EXTRACTED DATA →
*** Block opens ***
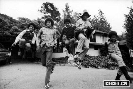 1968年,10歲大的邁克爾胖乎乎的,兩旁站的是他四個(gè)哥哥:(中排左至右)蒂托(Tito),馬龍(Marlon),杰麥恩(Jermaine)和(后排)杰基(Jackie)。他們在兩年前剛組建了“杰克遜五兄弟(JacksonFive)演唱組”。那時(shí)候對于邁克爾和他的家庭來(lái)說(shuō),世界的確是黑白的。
*** Block closes ***
*** Block opens ***
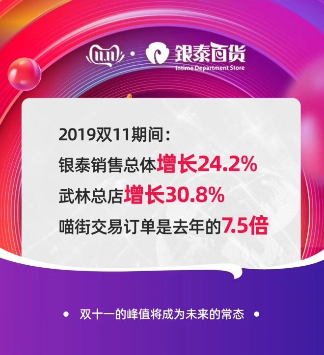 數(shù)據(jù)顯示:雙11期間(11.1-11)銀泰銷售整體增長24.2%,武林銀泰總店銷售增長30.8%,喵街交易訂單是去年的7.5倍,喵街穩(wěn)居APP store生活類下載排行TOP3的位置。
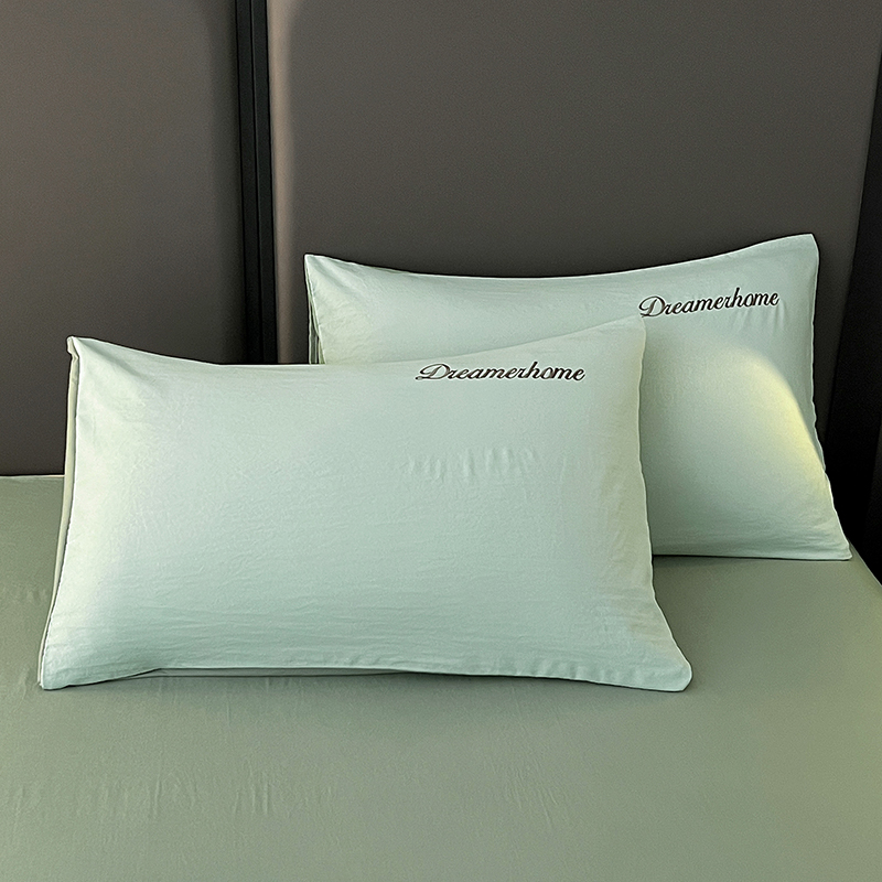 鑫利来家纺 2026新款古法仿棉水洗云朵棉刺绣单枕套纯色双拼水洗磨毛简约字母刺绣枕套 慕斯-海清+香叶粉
*** Block closes ***
EXERCISE BRIEF →
In the data above, find the line containing "數(shù)據(jù)顯示:雙11期間(11.1-11)" and the line containing "鑫利来家纺 2026新款古法仿棉水洗云朵棉刺绣单枕套纯色双拼水洗磨毛简约字母刺绣枕套 慕斯-海清+香叶粉". Copy exactly the stretch from the first through the second, both included, leaving out any picture.

REPLY →
 數(shù)據(jù)顯示:雙11期間(11.1-11)銀泰銷售整體增長24.2%,武林銀泰總店銷售增長30.8%,喵街交易訂單是去年的7.5倍,喵街穩(wěn)居APP store生活類下載排行TOP3的位置。
 鑫利来家纺 2026新款古法仿棉水洗云朵棉刺绣单枕套纯色双拼水洗磨毛简约字母刺绣枕套 慕斯-海清+香叶粉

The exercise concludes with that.